Stored items from a collection:
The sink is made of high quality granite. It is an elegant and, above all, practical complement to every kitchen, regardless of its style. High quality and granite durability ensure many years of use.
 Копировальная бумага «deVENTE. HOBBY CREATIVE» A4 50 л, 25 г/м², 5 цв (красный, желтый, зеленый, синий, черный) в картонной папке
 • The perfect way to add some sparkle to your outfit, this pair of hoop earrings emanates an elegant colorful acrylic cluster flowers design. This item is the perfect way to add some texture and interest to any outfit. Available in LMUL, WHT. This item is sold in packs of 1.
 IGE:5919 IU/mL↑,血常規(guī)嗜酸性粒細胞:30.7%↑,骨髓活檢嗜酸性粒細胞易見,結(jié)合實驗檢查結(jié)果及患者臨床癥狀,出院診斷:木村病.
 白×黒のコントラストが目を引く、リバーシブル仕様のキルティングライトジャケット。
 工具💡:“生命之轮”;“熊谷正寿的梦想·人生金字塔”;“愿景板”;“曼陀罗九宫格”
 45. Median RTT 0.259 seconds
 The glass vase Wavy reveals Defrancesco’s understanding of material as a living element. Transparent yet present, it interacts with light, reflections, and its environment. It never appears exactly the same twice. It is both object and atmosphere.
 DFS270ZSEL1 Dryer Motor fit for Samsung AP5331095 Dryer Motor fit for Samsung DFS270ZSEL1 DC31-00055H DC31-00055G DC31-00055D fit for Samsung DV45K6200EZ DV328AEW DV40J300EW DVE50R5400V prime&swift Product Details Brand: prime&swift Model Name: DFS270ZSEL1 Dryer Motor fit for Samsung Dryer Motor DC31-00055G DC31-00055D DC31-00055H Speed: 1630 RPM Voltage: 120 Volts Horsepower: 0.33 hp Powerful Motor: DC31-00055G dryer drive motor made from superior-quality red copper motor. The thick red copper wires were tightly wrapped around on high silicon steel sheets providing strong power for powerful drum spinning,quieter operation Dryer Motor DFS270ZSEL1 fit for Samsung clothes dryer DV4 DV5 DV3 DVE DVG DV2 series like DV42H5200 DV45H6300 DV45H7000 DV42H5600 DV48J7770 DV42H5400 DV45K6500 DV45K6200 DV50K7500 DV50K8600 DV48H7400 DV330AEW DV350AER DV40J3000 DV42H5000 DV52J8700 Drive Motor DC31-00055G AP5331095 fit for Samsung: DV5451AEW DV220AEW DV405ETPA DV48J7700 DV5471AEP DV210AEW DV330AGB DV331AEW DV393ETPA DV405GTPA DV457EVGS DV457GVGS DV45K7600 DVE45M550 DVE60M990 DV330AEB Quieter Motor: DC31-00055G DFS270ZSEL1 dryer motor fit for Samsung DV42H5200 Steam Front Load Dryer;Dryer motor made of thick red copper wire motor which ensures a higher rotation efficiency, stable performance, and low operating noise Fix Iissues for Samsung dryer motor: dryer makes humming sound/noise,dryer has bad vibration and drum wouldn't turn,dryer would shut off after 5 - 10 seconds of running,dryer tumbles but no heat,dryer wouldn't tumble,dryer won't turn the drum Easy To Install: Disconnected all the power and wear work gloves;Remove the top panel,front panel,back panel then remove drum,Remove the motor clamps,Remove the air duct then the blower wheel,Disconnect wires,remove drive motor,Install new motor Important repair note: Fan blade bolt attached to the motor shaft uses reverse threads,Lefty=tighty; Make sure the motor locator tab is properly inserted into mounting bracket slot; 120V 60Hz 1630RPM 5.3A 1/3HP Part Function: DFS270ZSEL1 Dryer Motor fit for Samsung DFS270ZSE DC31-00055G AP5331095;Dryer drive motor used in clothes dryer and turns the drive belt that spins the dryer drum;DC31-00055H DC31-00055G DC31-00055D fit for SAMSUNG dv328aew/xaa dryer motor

_TASK OBJECTIVE_. Please find, in the entries above, every line where "elegant" occurs, and copy it.

_SOLUTION_.
The sink is made of high quality granite. It is an elegant and, above all, practical complement to every kitchen, regardless of its style. High quality and granite durability ensure many years of use.
 • The perfect way to add some sparkle to your outfit, this pair of hoop earrings emanates an elegant colorful acrylic cluster flowers design. This item is the perfect way to add some texture and interest to any outfit. Available in LMUL, WHT. This item is sold in packs of 1.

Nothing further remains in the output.